As we've watched their clown car of presidential hopefuls crash around the country the last several months, the tone of the mockery within my household has changed several times. I remember the early days, when Aileen and I had actual strategic debates of what would happen to the country if someone like Marco Rubio or Scott Walker (or, God forbid, even Jeb Bush) found himself with a finger on the button. I felt simultaneous terror and relief at the mere suggestion that whoever was chosen to represent the GOP would undoubtedly select our own Gov. Susana Martinez as their running mate, simultaneously saving our state and dooming the nation. I'm not so worried about that any more.

It wasn't immediately obvious what Donald Trump would do to this campaign. I don't think anyone dared dream it would be this awesome. "It's the guy from The Apprentice," we said. "He's just fishing for a Fox News job. He'll be gone in a week." How wrong we were.

I remember a year ago, having conversations with Chris—as it became obvious that the GOP was happy to overtly define itself with bigotry, sexism and fear-mongering—about how funny it would be to watch the whole party implode, as the "reasonable" (read, "rich") Republicans abandoned ship. "That'll never happen. They've got too much of an established party core. Sure they have a few fringe lunatics, but Boehner and McConnell and them would never let something like that happen." We were both half-right.

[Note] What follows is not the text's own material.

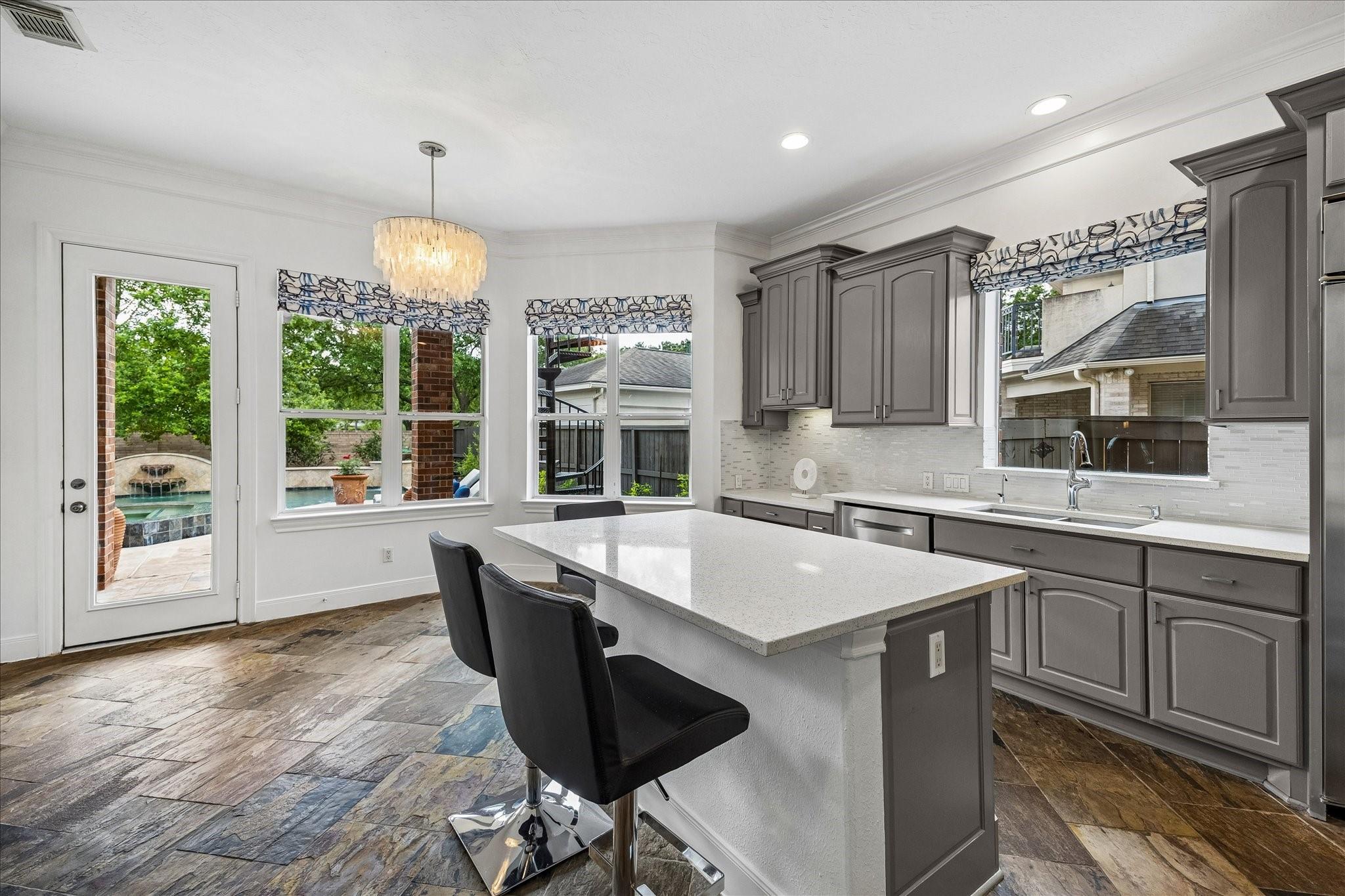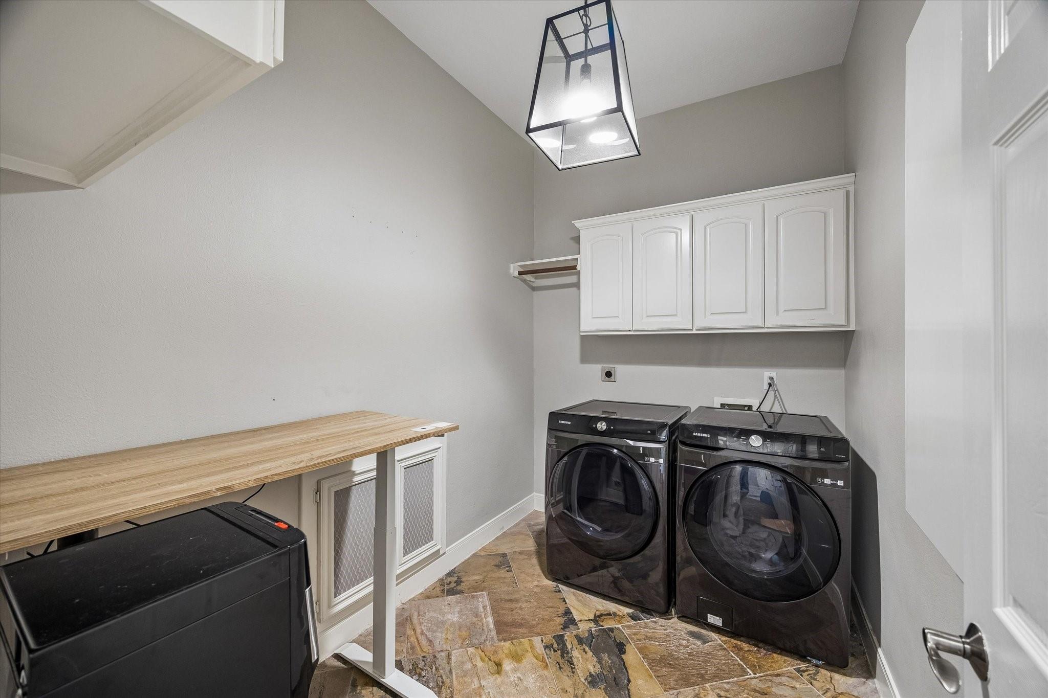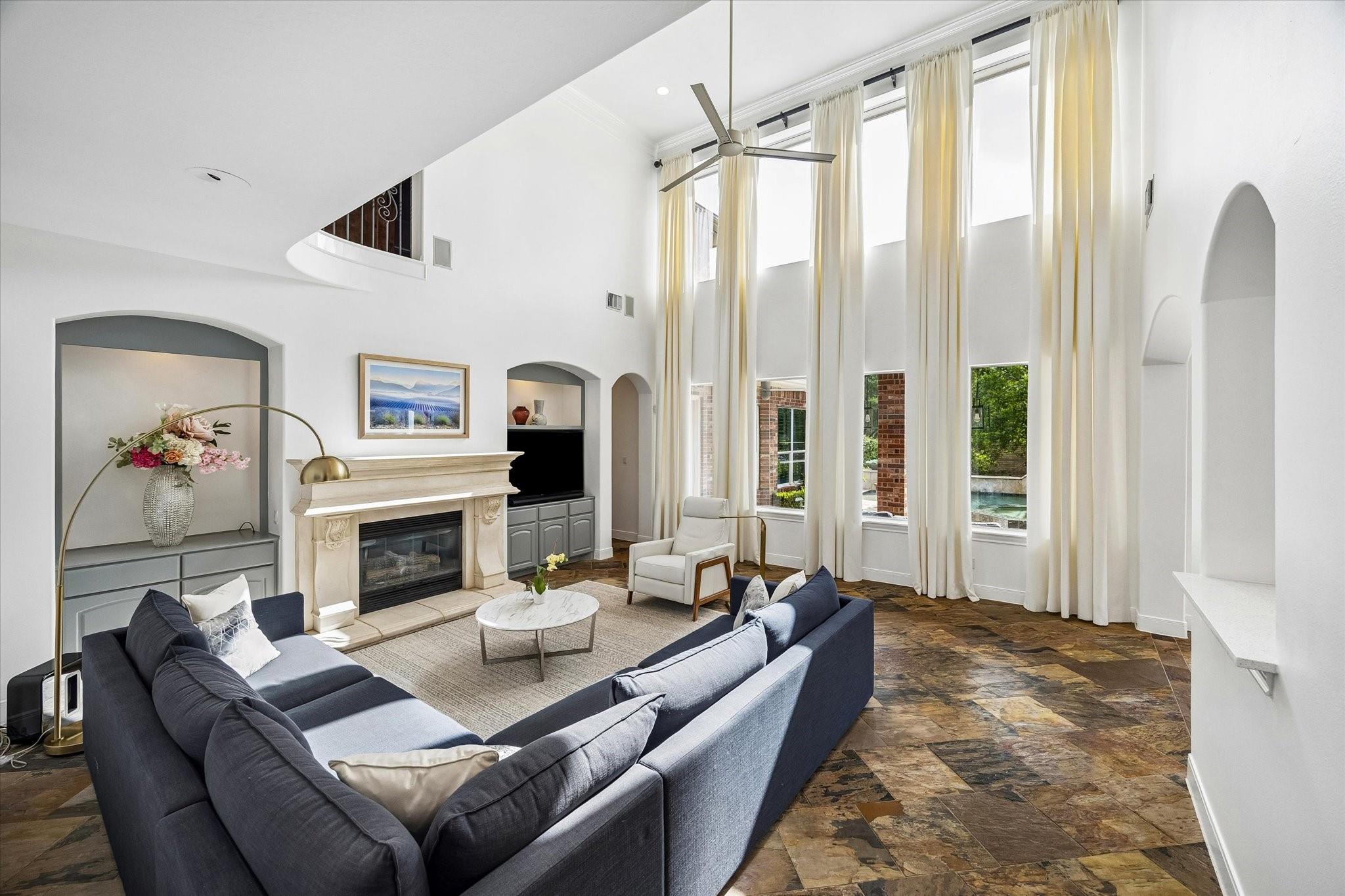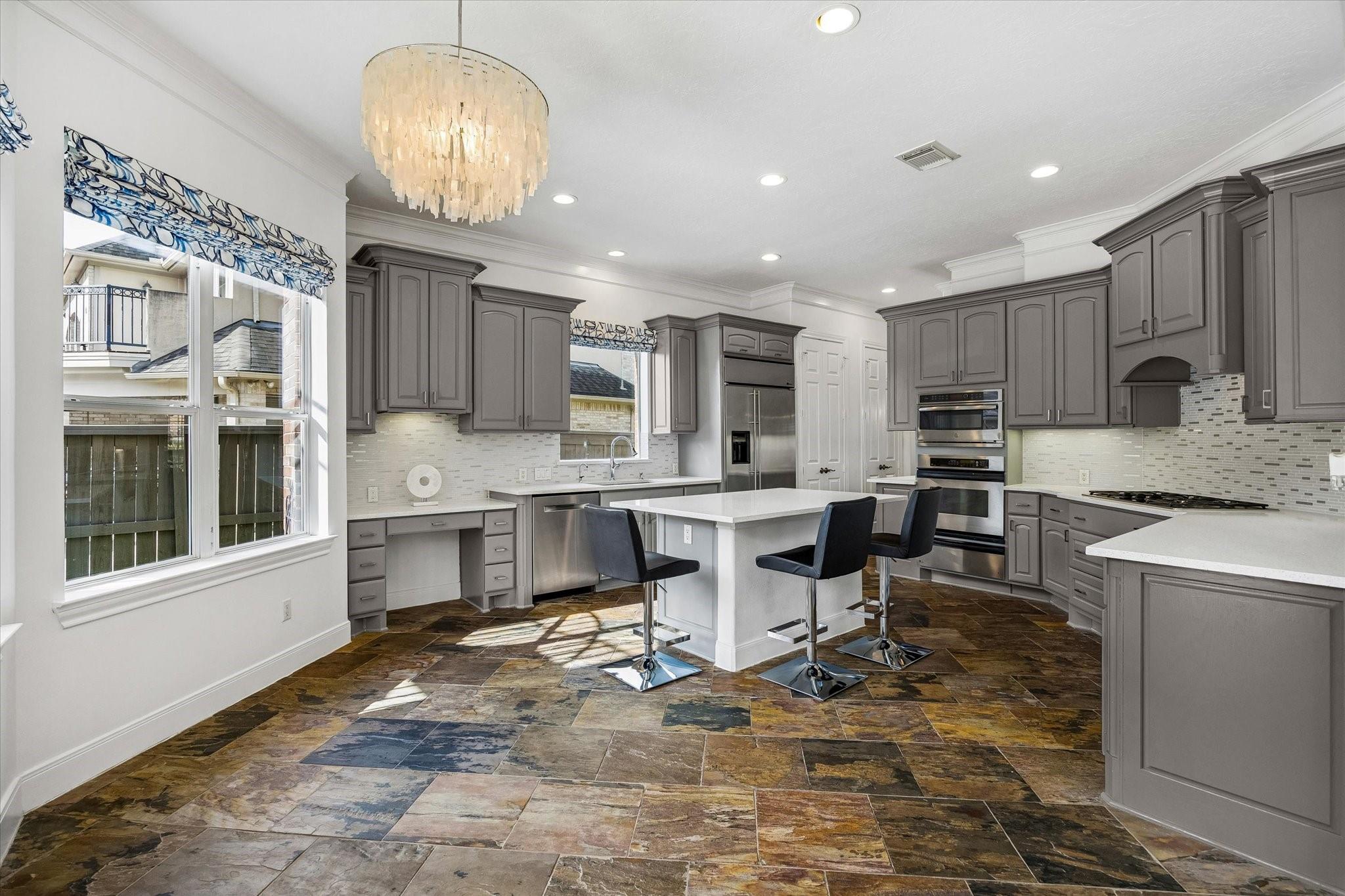 InteriorFireplace:1/Gaslog FireplaceFloors:Carpet,Engineered Wood,Slate,TileCountertop:QuartzBathroom Description:Half Bath,Primary Bath: Double Sinks,Primary Bath: Jetted Tub,Primary Bath: Separate Shower,Secondary Bath(s): Tub/Shower Combo,Vanity AreaBedroom Desc:En-Suite Bath,Primary Bed - 1st Floor,Walk-In ClosetKitchen Desc:Breakfast Bar,Island w/o Cooktop,Kitchen open to Family Room,Pantry,Walk-in PantryRoom Description:Breakfast Room,Entry,Family Room,Formal Dining,Gameroom Up,Home Office/Study,Living Area - 1st Floor,Utility Room in HouseHeating:Central GasCooling:Central ElectricConnections:Washer ConnectionsDishwasher:YesDisposal:YesMicrowave:YesRange:Gas CooktopOven:Single OvenIce Maker:NoEnergy Feature:Ceiling Fans,Digital Program Thermostat,Energy Star/CFL/LED Lights,High-Efficiency HVAC,Insulated/Low-E windowsInterior:Alarm System - Owned,Central Vacuum,Fire/Smoke Alarm,Formal Entry/Foyer,High Ceiling,Refrigerator Included,Spa/Hot Tub,Water Softener - Owned,Wet Bar,Window Coverings,Wine/Beverage Fridge,Wired for Sound

You may not be aware of this, as the mainstream media is still following this clusterfuck like it's a legitimate political race (as best they can fake it), but the Internet knows. The Internet has been paying attention and calling the game more objectively than most. To briefly summarize, the Republican sideshow is no longer a political contest. It's halfway between a WWE wrestling match and a playground full of children teasing each other.

Jeb Bush, the once all-but-anointed candidate, has been saying things like the following: "I've got a lot of really cool things I could do other than sit around, being miserable, listening to people demonize me and me feeling compelled to demonize them. That is a joke. Elect Trump if you want that." That almost directly translates to, "Screw you guys, I'm going home." Meanwhile, as Trump continues to pants him and point and laugh along with half the nation, and the other "serious" candidates cower in fear, the very fabric of the Republican voting machine is coming to pieces. The fringe factions of bigots, religious fundamentalists and blue-collar workers are splitting off to follow the candidates that best cater to their individual fears, leaving a naked, gleaming pillar of moneyed interest unprotected at the party's center.

I'm not worried about President Trump yet. But the way the Republican establishment is letting itself be trolled by this primary can lead to nothing less than the end of the party. Even if Chris is right, and Mitt Romney descends from the rafters at the election, like Stone Cold Steve Austin, to save the day right as Donald's going for the pin, the core of petrified simpletons that were instrumental in electing every conservative since Reagan will have been routed and run into the woods. This next election is going to be crazy and entertaining. But it won't be close. And it will be the last of its kind.